Although the data below holds other lines too, output only those from the line with "調查也詢問民眾對「九二共識」" up to and including the line with "透明隐形耳钉钛合金f136学生内螺纹养耳洞耳骨耳蜗钉平底唇钉饰品", exactly as they appear.

▸ TASK DATA:
^^^^^^^^

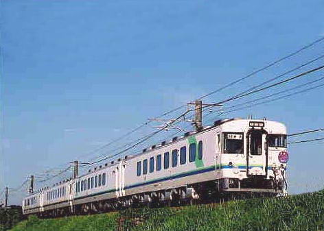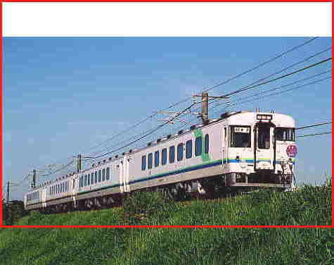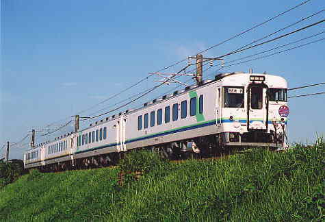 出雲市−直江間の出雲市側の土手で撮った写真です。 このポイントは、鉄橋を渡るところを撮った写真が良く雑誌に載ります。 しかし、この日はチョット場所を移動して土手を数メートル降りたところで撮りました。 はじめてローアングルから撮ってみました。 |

^^^^^^^^

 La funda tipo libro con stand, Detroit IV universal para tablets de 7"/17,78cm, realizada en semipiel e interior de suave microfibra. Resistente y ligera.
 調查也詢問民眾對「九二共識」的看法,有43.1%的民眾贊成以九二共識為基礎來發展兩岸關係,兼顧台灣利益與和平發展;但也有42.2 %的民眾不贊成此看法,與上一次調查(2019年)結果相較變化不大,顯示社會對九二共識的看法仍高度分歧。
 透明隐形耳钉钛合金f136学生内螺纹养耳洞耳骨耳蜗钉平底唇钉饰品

^^^^^^^^

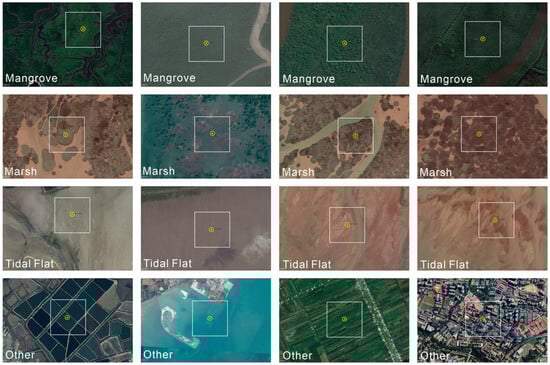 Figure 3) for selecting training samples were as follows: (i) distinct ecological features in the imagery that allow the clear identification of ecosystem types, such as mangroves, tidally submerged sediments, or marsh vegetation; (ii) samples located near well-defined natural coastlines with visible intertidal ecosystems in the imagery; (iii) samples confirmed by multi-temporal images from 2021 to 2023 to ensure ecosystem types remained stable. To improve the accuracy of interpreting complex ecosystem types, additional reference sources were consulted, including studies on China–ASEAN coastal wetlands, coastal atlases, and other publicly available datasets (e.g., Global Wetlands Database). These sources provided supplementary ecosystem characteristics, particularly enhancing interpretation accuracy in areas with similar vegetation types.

^^^^^^^^

▸ TASK ANSWER:
 調查也詢問民眾對「九二共識」的看法,有43.1%的民眾贊成以九二共識為基礎來發展兩岸關係,兼顧台灣利益與和平發展;但也有42.2 %的民眾不贊成此看法,與上一次調查(2019年)結果相較變化不大,顯示社會對九二共識的看法仍高度分歧。
 透明隐形耳钉钛合金f136学生内螺纹养耳洞耳骨耳蜗钉平底唇钉饰品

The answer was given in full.